[Records]

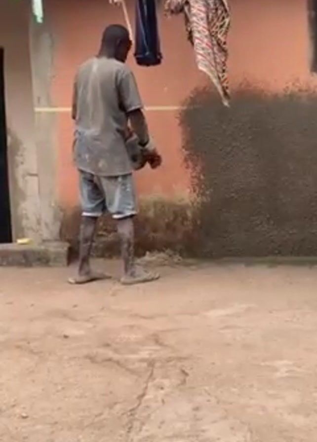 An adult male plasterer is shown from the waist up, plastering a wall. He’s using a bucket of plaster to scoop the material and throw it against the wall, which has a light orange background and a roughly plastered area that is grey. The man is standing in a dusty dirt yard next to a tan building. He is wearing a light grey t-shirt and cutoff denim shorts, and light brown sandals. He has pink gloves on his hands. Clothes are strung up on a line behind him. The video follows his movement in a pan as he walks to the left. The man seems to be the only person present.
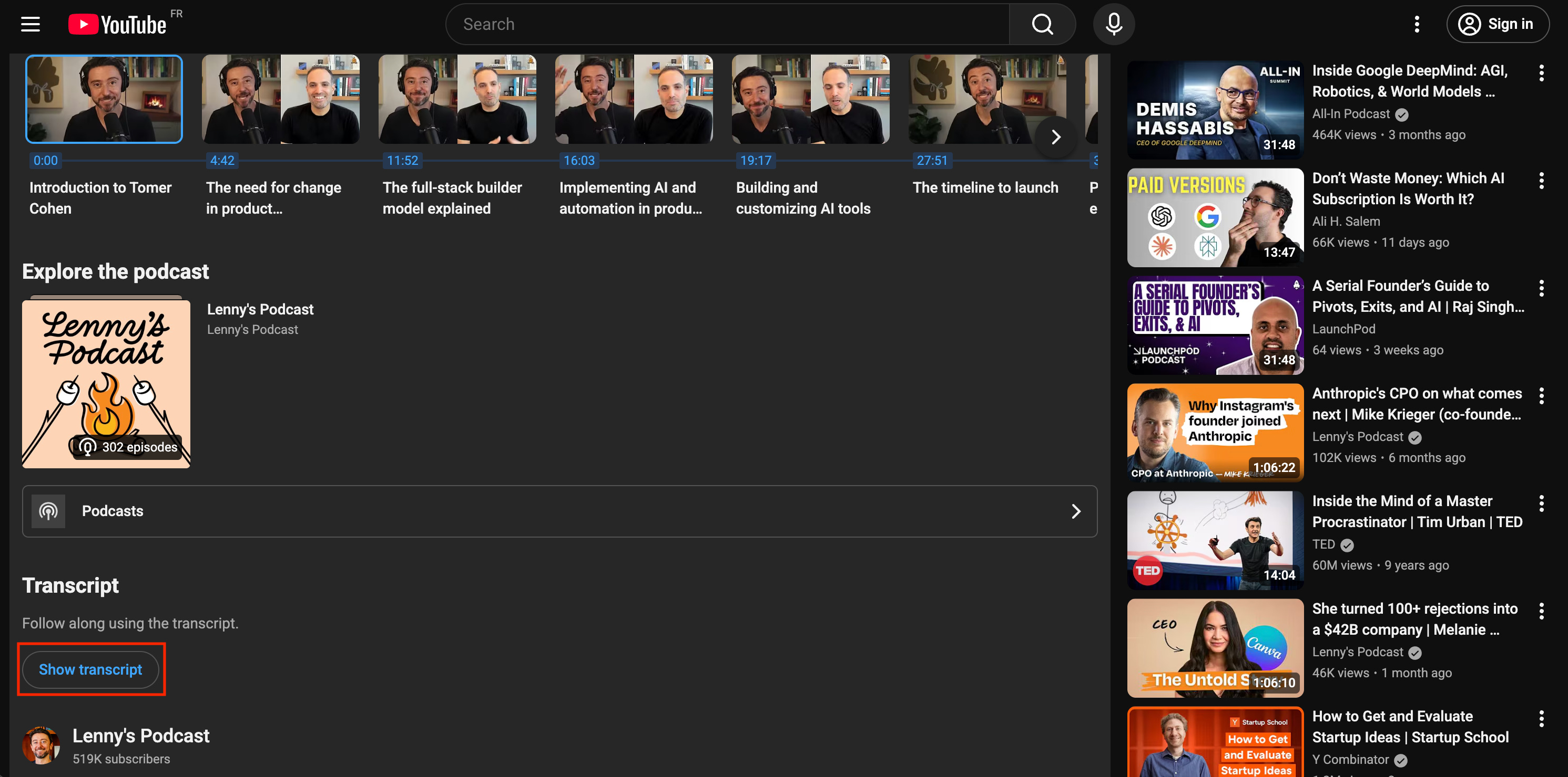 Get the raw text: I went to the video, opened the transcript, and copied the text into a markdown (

[/Records]
[Records]

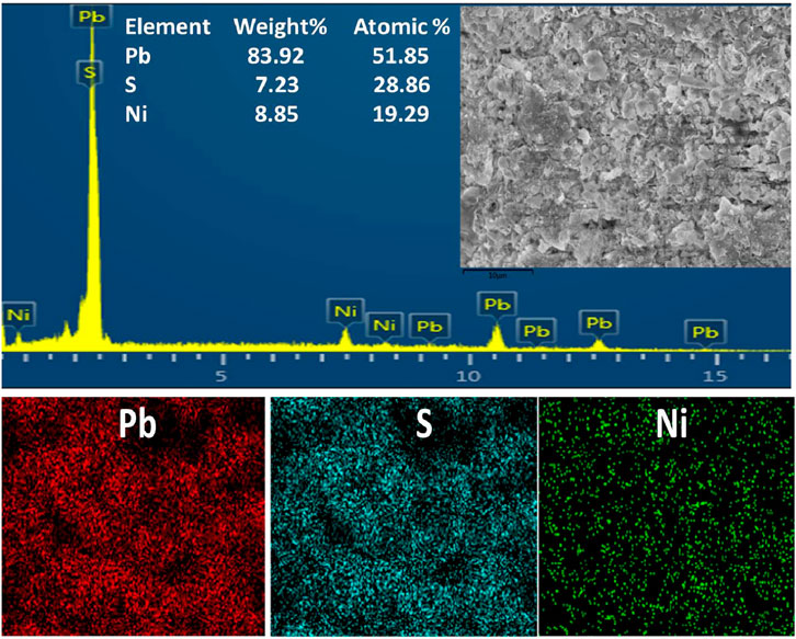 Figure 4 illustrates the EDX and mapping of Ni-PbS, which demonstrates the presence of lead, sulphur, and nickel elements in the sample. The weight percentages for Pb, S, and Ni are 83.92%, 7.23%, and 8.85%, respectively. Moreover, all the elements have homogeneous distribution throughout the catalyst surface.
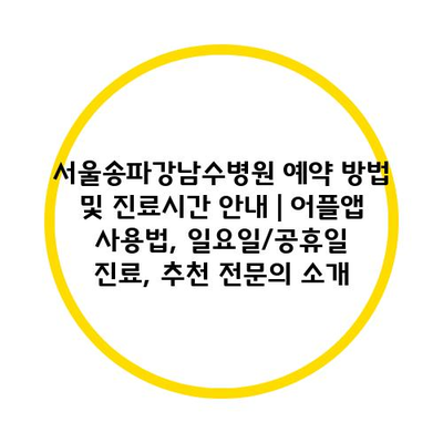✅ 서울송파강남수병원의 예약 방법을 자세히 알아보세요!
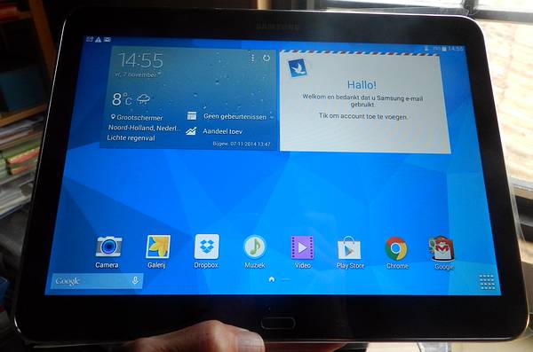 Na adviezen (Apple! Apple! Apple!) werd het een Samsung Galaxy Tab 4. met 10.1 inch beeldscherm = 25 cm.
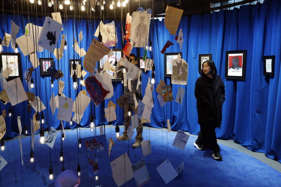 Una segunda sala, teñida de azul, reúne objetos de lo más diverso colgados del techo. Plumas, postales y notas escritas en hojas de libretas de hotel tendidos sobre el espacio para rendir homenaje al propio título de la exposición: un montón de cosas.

[/Records]
[Records]

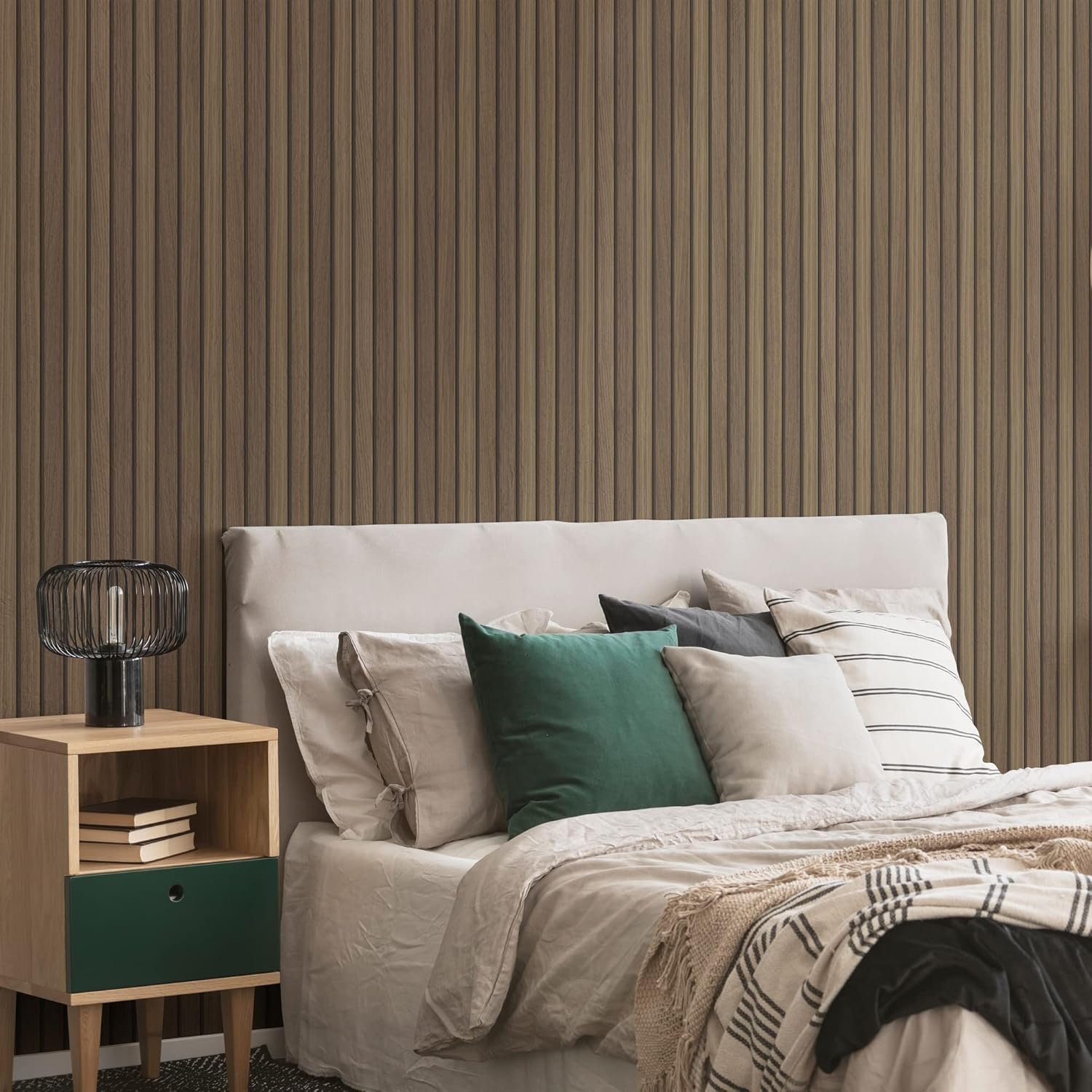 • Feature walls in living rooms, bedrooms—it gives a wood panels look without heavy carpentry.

[/Records]

Task objective: Using the records above, print exactly the lines between the ones containing "방법을 자세히 알아보세요!" and "Na adviezen (Apple!", inclusive, and nothing else; no pictures.

Your response:
✅ 서울송파강남수병원의 예약 방법을 자세히 알아보세요!
 Na adviezen (Apple! Apple! Apple!) werd het een Samsung Galaxy Tab 4. met 10.1 inch beeldscherm = 25 cm.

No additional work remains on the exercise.